## What this task involves
Set down again, exactly and only, the lines from the one that contains "Kangur për bebe" through the last line of the records below, both included, but not the pictures.

Start of Material provided

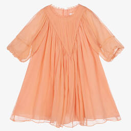 Mini-me yellow dress for girls by French designer Chloé, made in luxurious, textured silk chiffon. With a gathered V-shaped bodice, it has a raw-edged, stand-up frill around the neckline and a concealed zip fastening on the back. The full, mid-length sleeves are gently elasticated at the cuffs for added volume. Fully lined in soft cotton voile, this beautiful dress has the designer's name above the hem in tonal embroidery for a discreet designer finish.
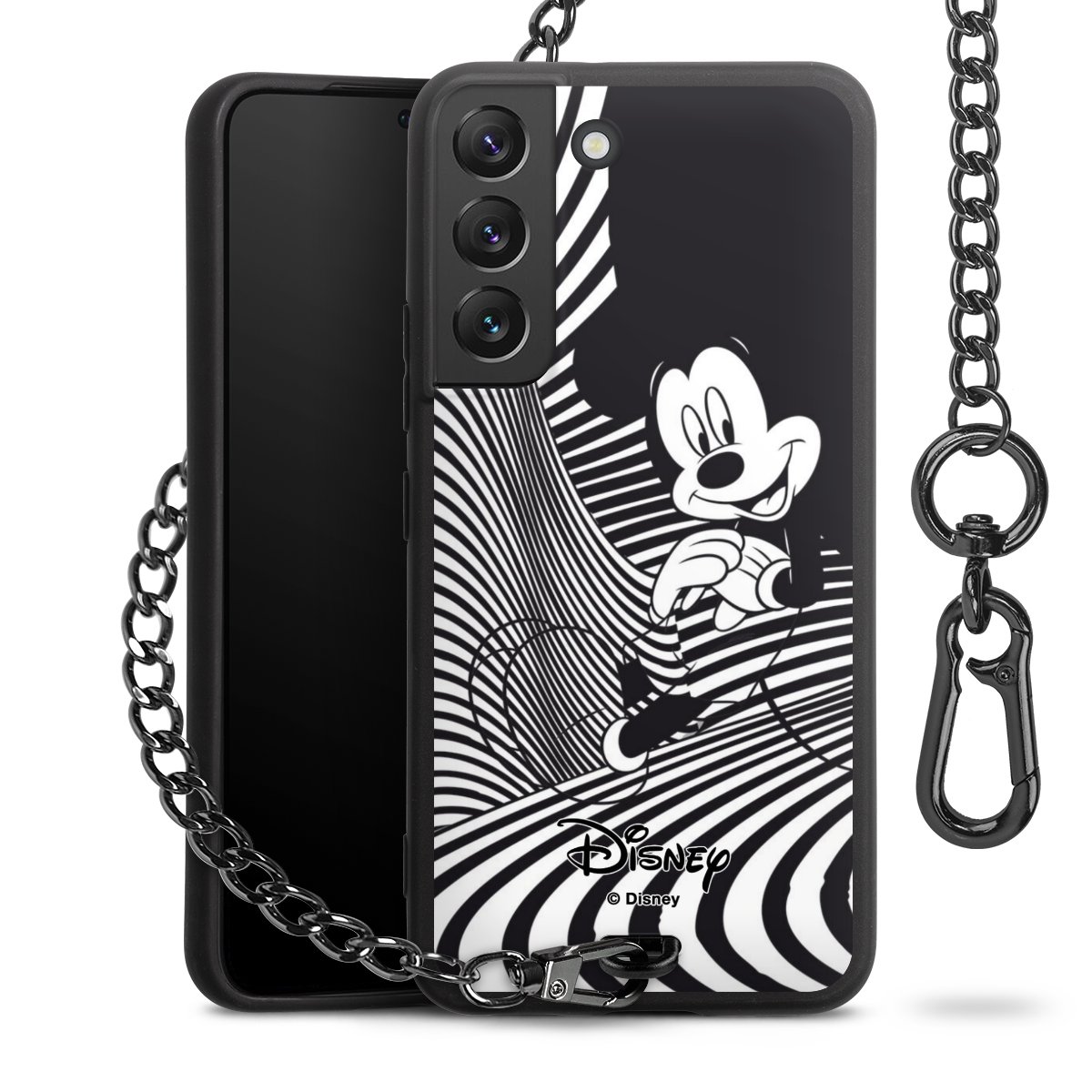 • Mattschwarze Handyhülle mit Metallkette
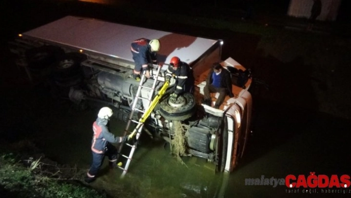 Sürücüsünün direksiyon hakimiyetini kaybettiği kamyon dereye uçtu
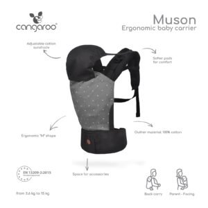 Kangur për bebe Cangaroo Muson, 5kg+, zezë/hirtë
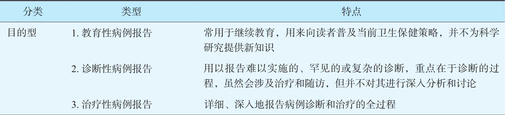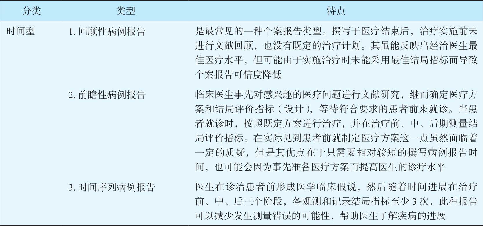 依据目的的不同,个案报告可分为教育性病例报告、诊断性病例报告及治疗性病例报告;按照时间的不同,个案报告可以分为回顾性病例报告、前瞻性病例报告及时间序列病例报告。随着循证医学的发展,除以上两种分类外,循证个案报告(evidencebased case report)也随之出现,循证个案报告是对临床研究证据应用于单个患者进行的临床医疗过程及其结果的报告。不同类型的个案报告各具特点(表7-1)。
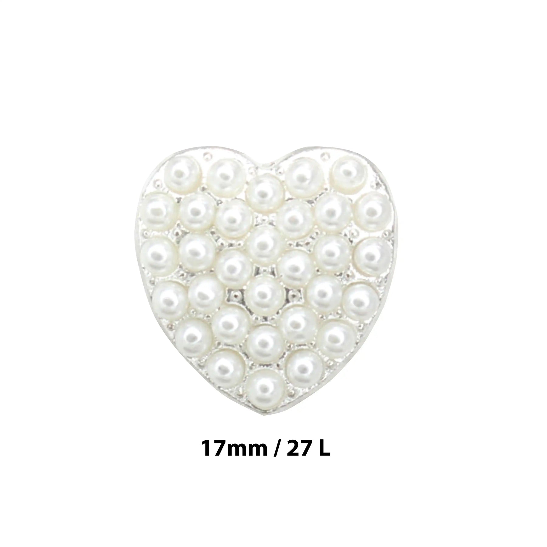 Enhance your garments with Heart Style Pearl Metal Buttons, perfect for adding a premium, eye-catching look. These buttons are both stylish and durable, and come in silver color with an edge-to-edge design, crafted from premium, high-quality metal.

End of Material provided

## Task response
 Kangur për bebe Cangaroo Muson, 5kg+, zezë/hirtë
 依据目的的不同,个案报告可分为教育性病例报告、诊断性病例报告及治疗性病例报告;按照时间的不同,个案报告可以分为回顾性病例报告、前瞻性病例报告及时间序列病例报告。随着循证医学的发展,除以上两种分类外,循证个案报告(evidencebased case report)也随之出现,循证个案报告是对临床研究证据应用于单个患者进行的临床医疗过程及其结果的报告。不同类型的个案报告各具特点(表7-1)。
 Enhance your garments with Heart Style Pearl Metal Buttons, perfect for adding a premium, eye-catching look. These buttons are both stylish and durable, and come in silver color with an edge-to-edge design, crafted from premium, high-quality metal.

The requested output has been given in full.